Data is randomly divided into 5 subsets. After a sample has been placed in a subset, no more samples will be placed into that subset until every other subset has had a sample added to it. Since the data is already sorted by the class of the sample, this guarantees that each subset will have an equal amount of samples and an equal distribution of classes within those samples. The model has one hidden layer using sigmoid activation function and an output layer with three neurons using softmax activation function.
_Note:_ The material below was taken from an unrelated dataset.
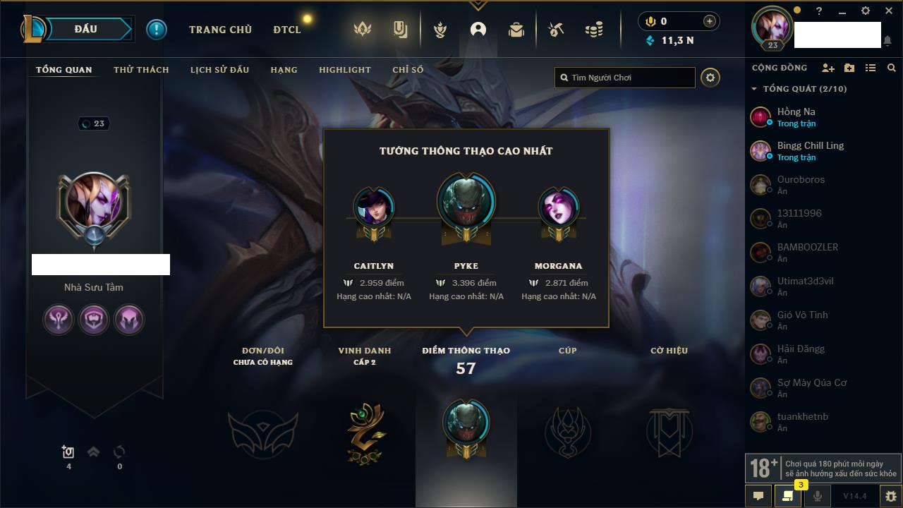 Rank Đơn: Sắt IIIKhung: Chưa có khungTướng: 88 - Còn 1376 THXTrang Phục: 12Rank ĐTCL: Bạc IVLinh Thú: 69

Weights are initialized to random uniform values in the range (-1/sqrt(n), 1/sqrt(n)), with n being the number of inputs to those weights. This ensures that each neuron in the next layer has a value around 1 when those weights are propagated forward. Each iteration of the 5-fold cross validation ends when an accuracy of 1.0 is reached on the testing set or when the validation error begins increasing. 

The model performed very well using cross validation. It converged quickly to an accuracy of 1.0 on most randomized testing sets and reached a high accuracy on the others. 3 hidden neurons generally performed the best, leading to higher accuracies in fewer epochs. Higher numbers of hidden neurons could reach similar accuracies but required lower learning rates and more iterations. Learning rates of .25 generally lead to the best balance of error and number of iterations. Performance of the model steeply declined as the learning rate was increased to .65. The model performed significantly better than the expected .333 accuracy of the random baseline model, with the highest average accuracies reaching .994 on the testing sets.